Source data:
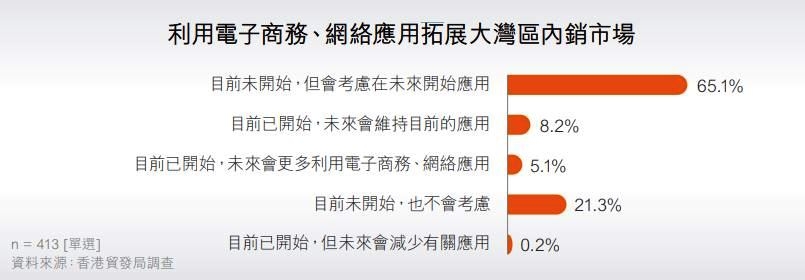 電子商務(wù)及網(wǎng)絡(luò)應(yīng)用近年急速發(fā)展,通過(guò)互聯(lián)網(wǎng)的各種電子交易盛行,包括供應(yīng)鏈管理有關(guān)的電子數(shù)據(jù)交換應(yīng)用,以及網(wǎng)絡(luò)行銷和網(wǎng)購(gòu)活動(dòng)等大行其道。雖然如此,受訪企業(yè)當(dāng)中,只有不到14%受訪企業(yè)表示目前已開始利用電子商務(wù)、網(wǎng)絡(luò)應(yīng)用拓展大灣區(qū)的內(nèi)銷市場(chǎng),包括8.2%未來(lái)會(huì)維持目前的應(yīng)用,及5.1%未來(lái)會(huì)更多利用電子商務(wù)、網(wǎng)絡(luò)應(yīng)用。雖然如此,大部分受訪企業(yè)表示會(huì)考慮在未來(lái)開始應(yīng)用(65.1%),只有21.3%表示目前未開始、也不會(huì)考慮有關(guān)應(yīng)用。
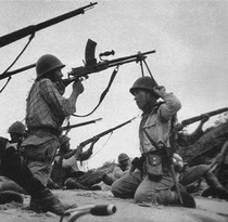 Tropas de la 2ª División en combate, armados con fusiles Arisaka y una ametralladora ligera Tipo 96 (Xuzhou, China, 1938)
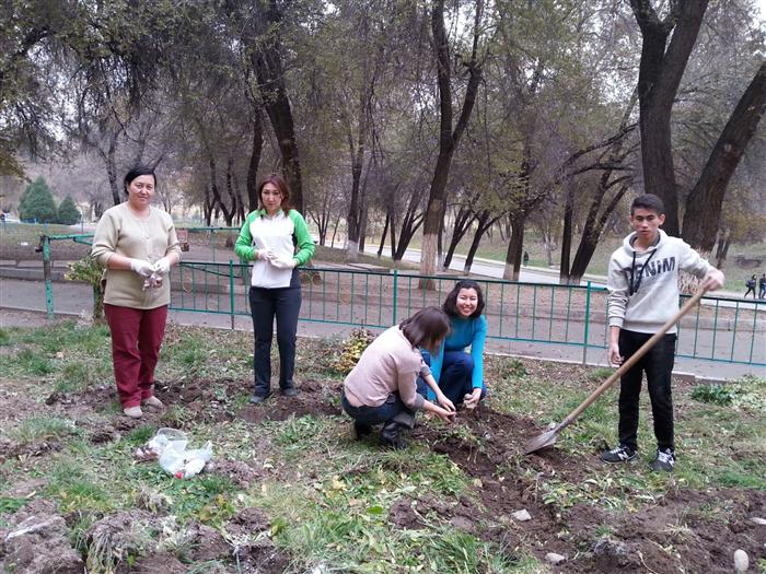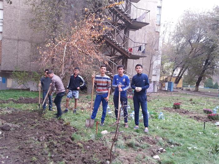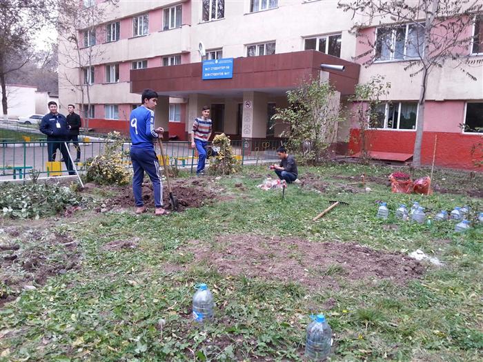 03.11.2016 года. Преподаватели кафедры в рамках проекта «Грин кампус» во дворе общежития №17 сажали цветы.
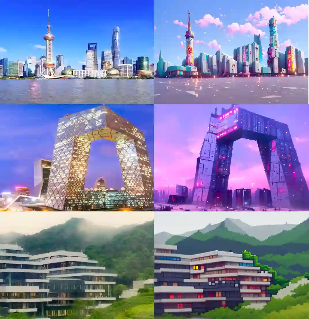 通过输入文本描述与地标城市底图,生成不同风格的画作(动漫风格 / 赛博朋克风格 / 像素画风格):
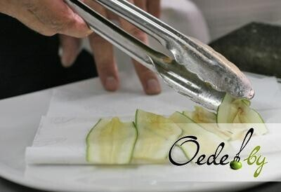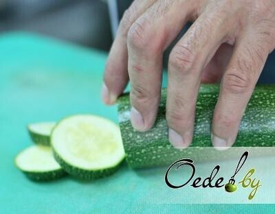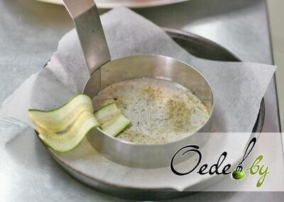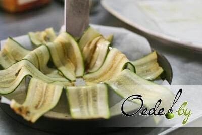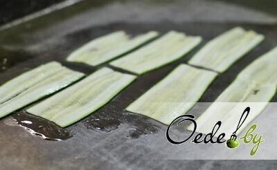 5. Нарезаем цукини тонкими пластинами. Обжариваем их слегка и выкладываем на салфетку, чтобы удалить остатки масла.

◆ Task prompt:
Although the records include pictures, output only their text, exactly and completely.

◆ Solution to the exercise:
 電子商務(wù)及網(wǎng)絡(luò)應(yīng)用近年急速發(fā)展,通過(guò)互聯(lián)網(wǎng)的各種電子交易盛行,包括供應(yīng)鏈管理有關(guān)的電子數(shù)據(jù)交換應(yīng)用,以及網(wǎng)絡(luò)行銷和網(wǎng)購(gòu)活動(dòng)等大行其道。雖然如此,受訪企業(yè)當(dāng)中,只有不到14%受訪企業(yè)表示目前已開始利用電子商務(wù)、網(wǎng)絡(luò)應(yīng)用拓展大灣區(qū)的內(nèi)銷市場(chǎng),包括8.2%未來(lái)會(huì)維持目前的應(yīng)用,及5.1%未來(lái)會(huì)更多利用電子商務(wù)、網(wǎng)絡(luò)應(yīng)用。雖然如此,大部分受訪企業(yè)表示會(huì)考慮在未來(lái)開始應(yīng)用(65.1%),只有21.3%表示目前未開始、也不會(huì)考慮有關(guān)應(yīng)用。
 Tropas de la 2ª División en combate, armados con fusiles Arisaka y una ametralladora ligera Tipo 96 (Xuzhou, China, 1938)
 03.11.2016 года. Преподаватели кафедры в рамках проекта «Грин кампус» во дворе общежития №17 сажали цветы.
 通过输入文本描述与地标城市底图,生成不同风格的画作(动漫风格 / 赛博朋克风格 / 像素画风格):
 5. Нарезаем цукини тонкими пластинами. Обжариваем их слегка и выкладываем на салфетку, чтобы удалить остатки масла.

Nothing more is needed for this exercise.